Buyer needs indeed are mixed, said Santa Clara, Calif.-based consultant Bob Lichtman of The Corporate Solutions Group. "I know travel managers who ask for specific reports and they are very satisfied with them. Then I know people who rely on canned reports that TMCs tell the buyer they need to have, even if they're of little value. It depends on who you talk to. Large corporations manage their own contracts and they do have the skills and resources. If anything, the agency is responsible for helping implement them."
"We're doing it hands-on," said a TPS client, preferring to remain anonymous, who took the project in-house on his second go with it. "TPS trained the agency people here instead of bringing them in again and incurring the cost of their expertise. But the sheer amount of data does make it difficult and time-consuming."
Most buyers interviewed last week by BTN prefer to leave the hard work up to the provider.
"I'd rather have it outsourced," said Eclipse customer Robert Hosking, travel director at BMC Software in Houston. "My responsibility is much wider than that, and we can't be experts on everything. I think if you look at most corporate travel departments, they are getting slimmer."
Another Eclipse client, Pittsburgh-based Westinghouse sourcing lead Vince Plocido, agreed. He also said monthly data is probably enough, though that might change. "With the airlines threatening to micromanage their contracts more, more frequent reviews may be prudent. But that remains to be seen."
Chicago-based Aon, one of nine very large Prism corporate clients, takes reports monthly. "I wouldn't need it more frequently, but I'm sure there are companies that would," said vice president of corporate travel Harriet Washburn.

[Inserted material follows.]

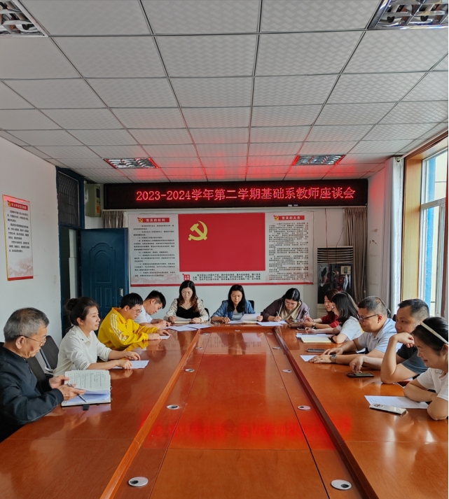 同日下午召開基礎系教師座談會,多位教師就本系教學管理、學生管理方面,獻計獻策,進行深層次溝通交流,為進一步加強課堂建設提供了良好的基礎。許在庫在會上提出要求三點:一是強化思想教育;二是加強課堂紀律管理;三是嚴格教學紀律。

Datalex said it plans to offer Cognizer to both corporate travel managers and agencies. "There are huge opportunities among, I'd say, the top 50 agencies. Even number 50 has a large enough collection of customers that they can view the volume in aggregate. We're also looking at channel partners, though TMCs are not cash-rich right now. It may be more a matter of going to market together."

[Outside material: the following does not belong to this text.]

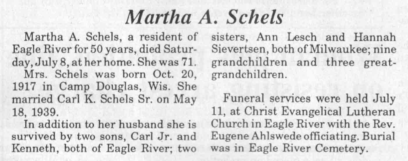 | Schels | Martha A | 20 Oct 1917 | 08 Jul 1989 | TLN | 12 Jul 1989 | 4 |

For Eclipse, Boult said, "We have shared our technology with other TMCs and we're in the midst of business discussions about that. There's still some nervousness on the part of the megas about whether their value proposition disappears if they offer Dacoda."
Brindley said that while TPS does have users who are not WorldTravel clients, BTI affiliates are the only other agencies to which it has offered services. "We're still viewed as a competitor and we think working with WorldTravel gives us more opportunity," he said. TPS claims more than 100 customers.
Other developments in this area involve new ways to apply the results of such analyses to the point of sale, namely through corporate self-booking tools. Travel Analytics recently joined Amex and Eclipse in announcing a connection with Sabre's GetThere booking tool, simplifying the feed of contract specifics for the purposes of biasing the display toward preferred vendors.